A launched rocket has an altitude in meters, given by the polynomial h+vt-4.9^2, h is the height in meters v is the velocity in meters per second and t is the number of seconds for which it takes the rocket to become airborne. If the rocket is launched from the top of a tower that is 100 meters and the initial speed is 60 meters per second, what will its height be after 4 seconds rounded to the nearest tenth?

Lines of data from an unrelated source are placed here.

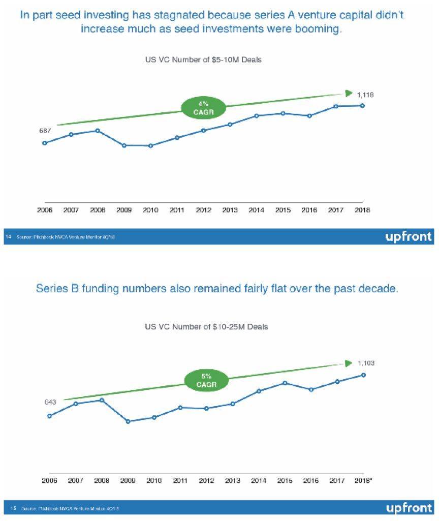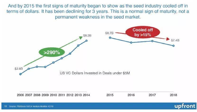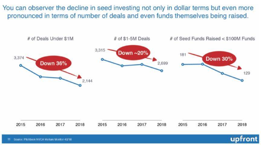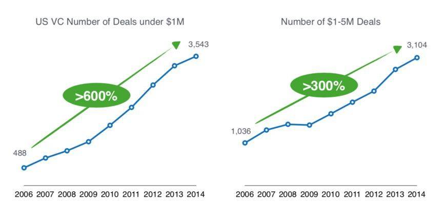 Mark及团队的统计和调研发现,“在美国,那些针对初创公司、融资额在500万美金以下的早期投资市场,过去三年中一直呈现下滑——无论从机构数、资金量和交易数量来看都是。”
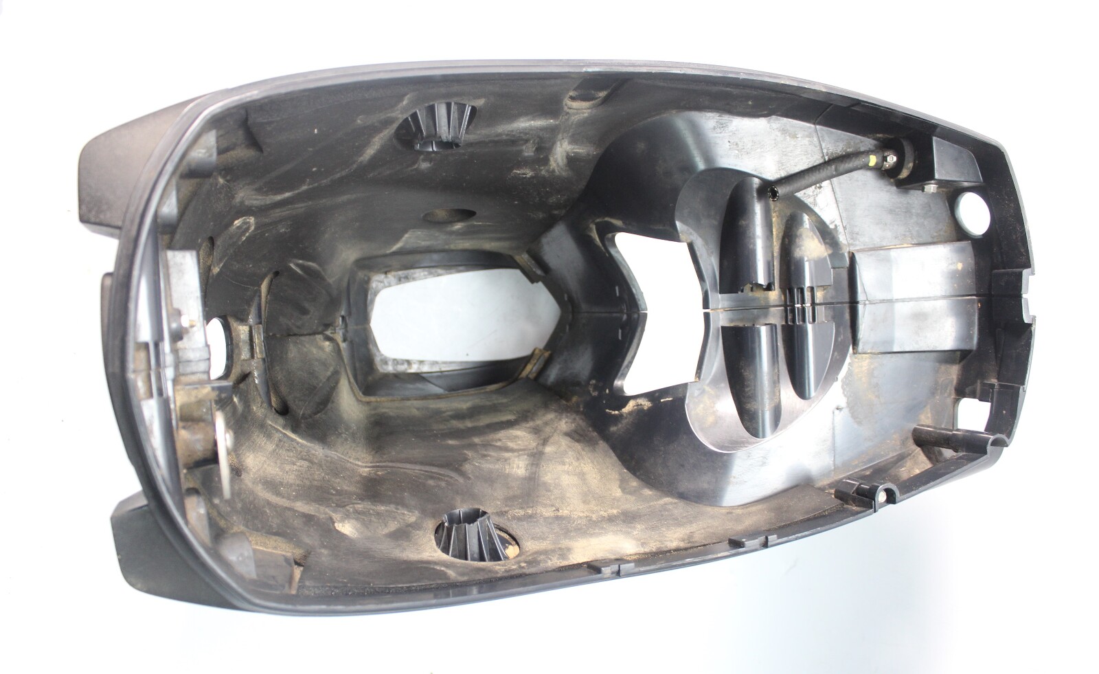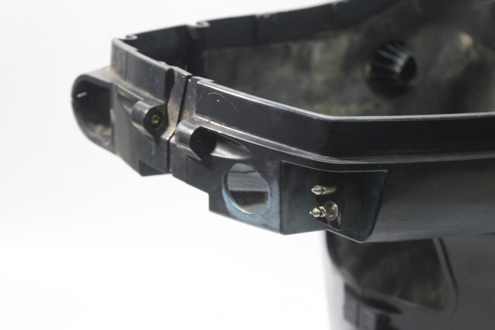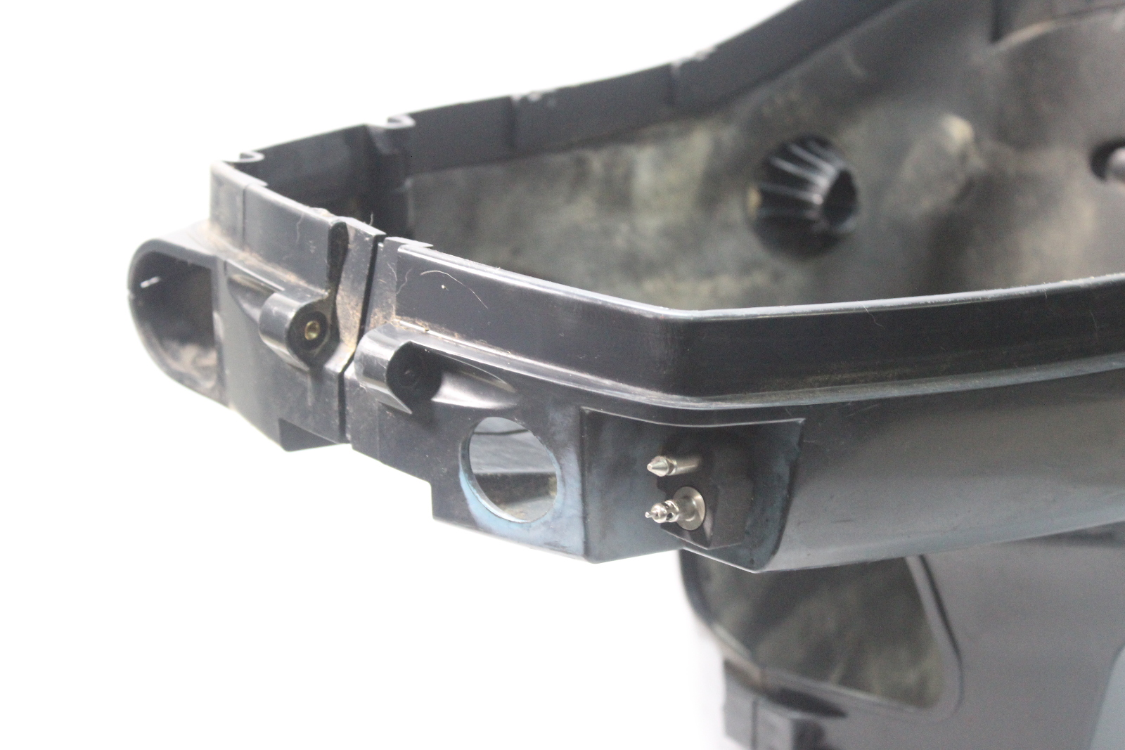 Used Evinrude E-TEC lower side cowling set removed from a freshwater engine.
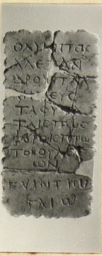 | Description: | Inscribed fragment. Mended from many pieces. A rectangular plaque dressed smooth behind, its edges bordered by a straight incised line and by the edges of a series of drill holes. The plaque may originally have had a border outside these drill holes. Containing the offer of first fruits of Olympos of Paiania to the Phosphorae. Eleven (?) lines of the inscription preserved. Island marble. | |
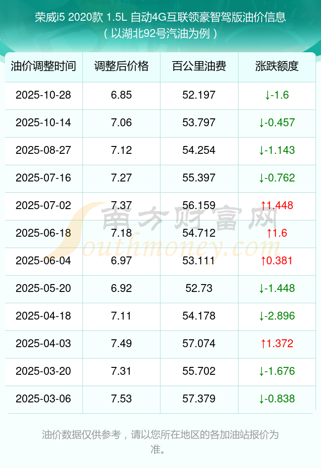 依照10月28日92號汽油最新調(diào)整價格6.85元/升來計(jì)算(以湖北為例),該車型百公里的平均油費(fèi)是52.197元,依照上一輪10月14日調(diào)整價格7.06元/升來計(jì)算,百公里的平均油費(fèi)是53.797元,對比上一輪少花1.6元,下一輪的油價調(diào)整時間11月10日24時。
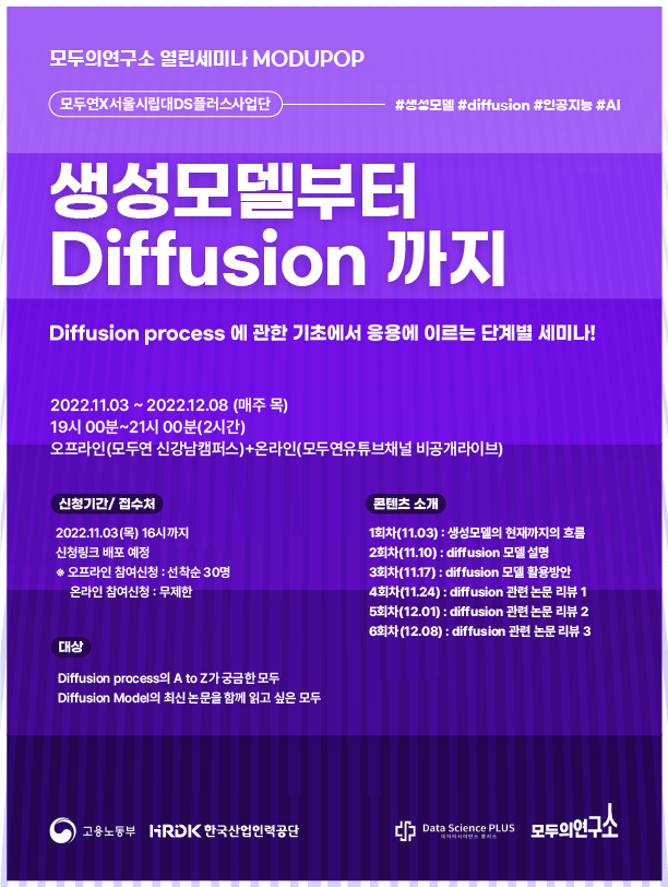 • 세미나 일시 : 11월 3일\~12월 9일 / 매주 목요일 / 저녁 7시\~9시 • 장소: 온오프믹스 ∨ 오프라인 : 모두의연구소 신강남캠퍼스 ∨ 온라인 : 모두연 유튜브채널 비공개라이브 • 인원 : 회차별 오프라인 30명 / 온라인 무제한 ∨ 신청이 많을 경우 조기마감될 수 있어요. ∨ 신청 후 사전 연락없이 불참하는경우 다음 세미나 신청에 불이익이 있을 수 있어요 • 대상 ∨ Diffusion process에 관해 기초에서 응용에 이르는 단계별 전문 지식 세미나를 기다렸던 모두 ∨ 생성모델의 A to Z가 궁금한 모두 ∨ Diffusion 모델의 최신 논문을 함께 읽고 싶은 모두
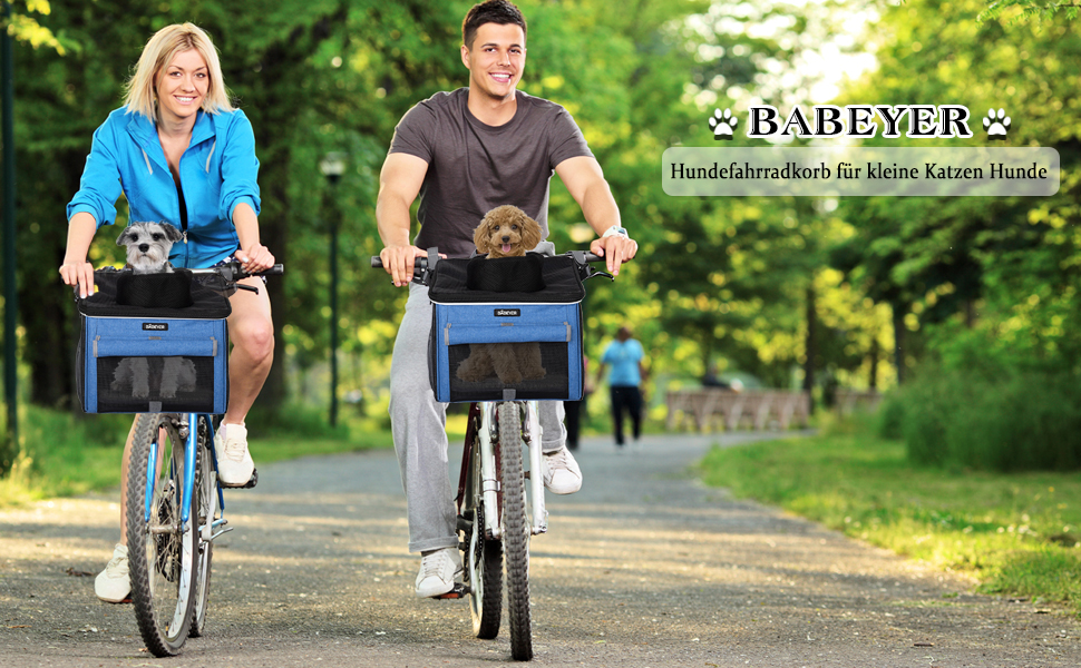 BABEYER Dog Bicycle Basket, Soft Bike Carrier with 4 Mesh Windows for Small Dogs, Cats and Puppies - Blue
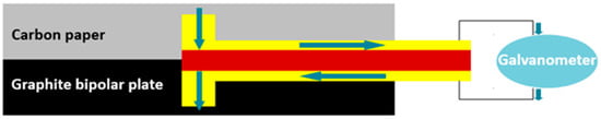The micro current sensor used in this study is a miniaturized galvanometer probe of an extension conductor. Two probes face towards the carbon paper and graphite plate respectively, and a 300 μm × 300 μm sensing area is exposed at the foremost end; the rest of the conductor is obstructed by an insulating layer; the local current is conducted to the instrument outside the proton exchange membrane water electrolyzer for measurement, as shown in Figure 3.
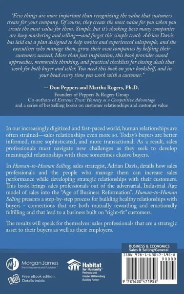 In our increasingly digitized and fast-paced world, human relationships are often strained-sales relationships even more so. Sales professionals must navigate new challenges as they seek to develop meaningful relationships with buyers who are often elusive. Human To Human Selling will appeal to sales professionals and the people who manage them by showing how they can increase sales performance while simultaneously developing strategic relationships with their customers.
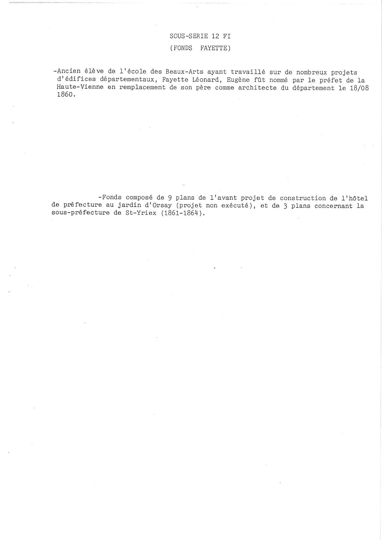 Plans originaux dessinés par L. Fayette, architecte du département, pour la préfecture (projet non réalisé) et la sous-préfecture de Saint-Yrieix.
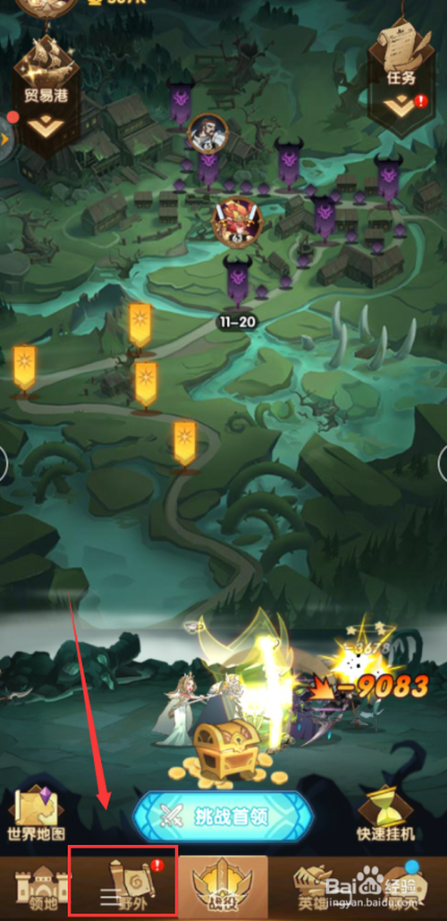 第一:手机打开剑与远征客户端点击左下方的【野外】进口。
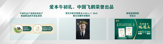 北纬47度的黑土地黄金奶源带孕育出了鲜活的牛初乳,爱本已经实现了全产业链自主生产,与多家权威机构和2017年诺贝尔医学奖获得者Jeffrey进行合作,凭借硬核的产品实力和科研投入,爱本获得了“高端牛初乳配方粉”和“高端成人配方粉”销量双冠王的称号,赢得了市场认可和消费者的青睐。
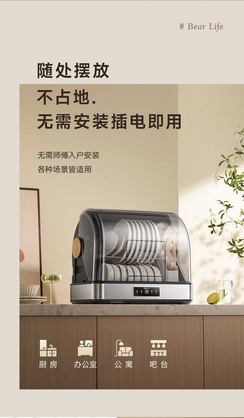 Bear Multifunctional Sterilizer Cabinet for Home Use, Small Desktop Model for Drying and Sterilizing Bowls, Chopsticks, Dishes, and Baby Bottles with Ultraviolet Sterilization
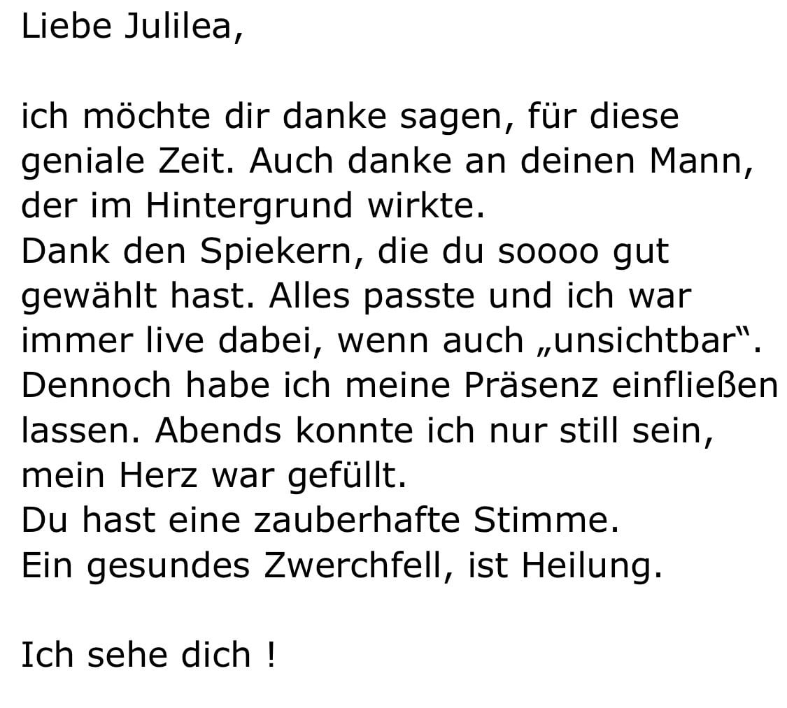 Nach einem tief berührenden ersten Mal im März 2025, kehrt Julilea mit ihrem Stimm Befreiungsprogramm zurück nach Zwickau. Das letztes Mal war restlos schnell ausgebucht. Nach Free your Voice geht es diesmal um die Heilkraft deiner Stimme. Es geht nicht darum, schön zu singen. Sondern darum, Wahrheit und die eigene Essenz frei und stark über Deine eigene Stimme zu verkörpern.
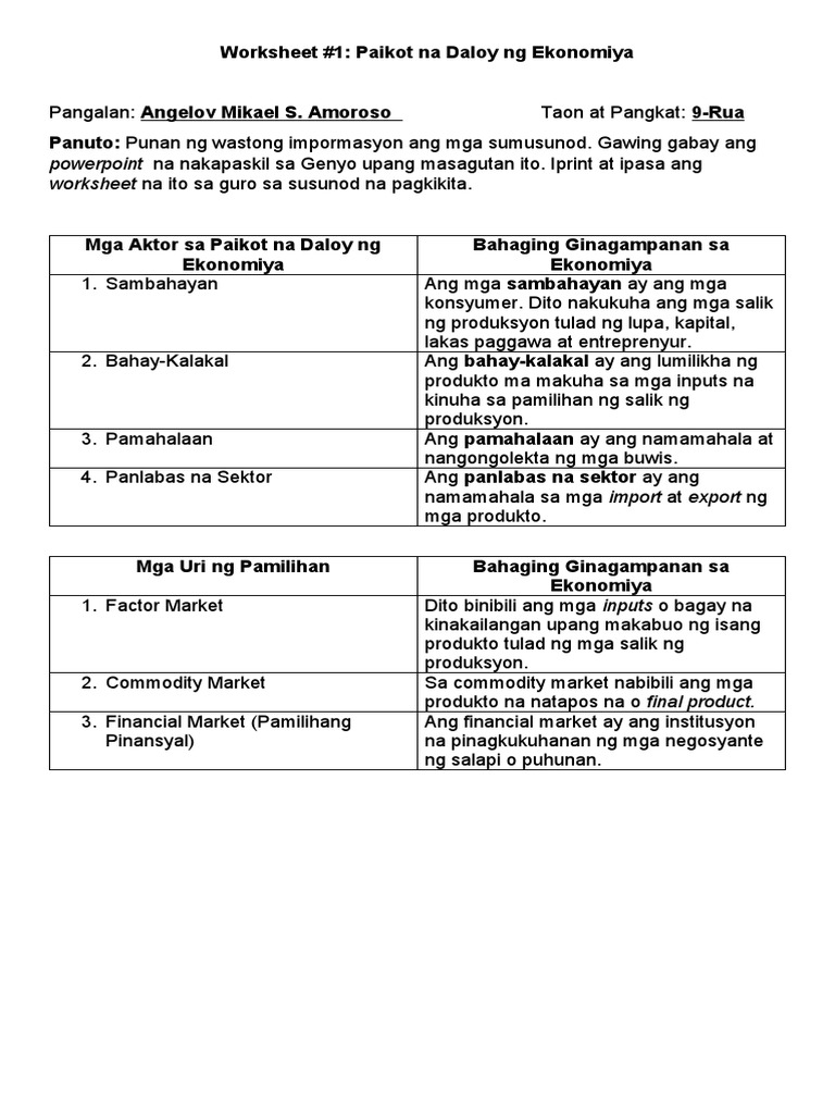 FILL IT RIGHT Ibigay ang bahaging ginagampanan ng mga aktor at pamilihan sa naikot na daloy ng ekonomiya. 08022017 Ginagamit ng mga samabahayan ang kanilang kita upang makabili ng produkto. 21112016 Bilang bahagi ng pag-aaral ng ekonomiya ang Factor Market ay tumutukoy sa merkadong nagpapaikot ng isang negosyo.
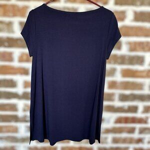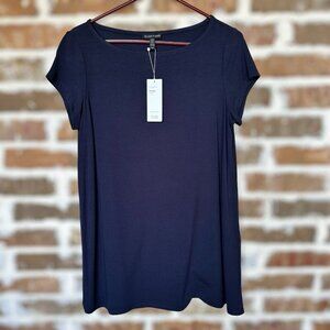 NWT Eileen Fisher Jersey Tunic Short Sleeve Viscose Spandex Blue Top Size M
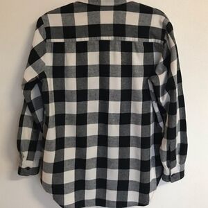 Black and white check plaid button down shirt. Oversized, great for wrapping around waist or just to layer and wear. Side split hem.2 yellow stains in upper back, doesnt come out with stain streating. Tomboy, hipster, indie sleaze, grunge, 90's

To find the height of the rocket after 4 seconds, we need to substitute the given values into the equation.

Given:
h = 100 meters (the height of the tower)
v = 60 meters per second (the initial velocity)
t = 4 seconds (the time taken to become airborne)

Substituting these values into the equation h + vt - 4.9t^2, we get:
h = 100 + (60 * 4) - 4.9 * (4^2)

First, calculate 4^2 = 16:
h = 100 + (60 * 4) - 4.9 * 16

Next, multiply 60 by 4:
h = 100 + 240 - 4.9 * 16

Then, multiply 4.9 by 16:
h = 100 + 240 - 78.4

Now, add 100 and 240:
h = 340 - 78.4

Finally, subtract 78.4 from 340:
h = 261.6

Therefore, the height of the rocket after 4 seconds will be approximately 261.6 meters when rounded to the nearest tenth.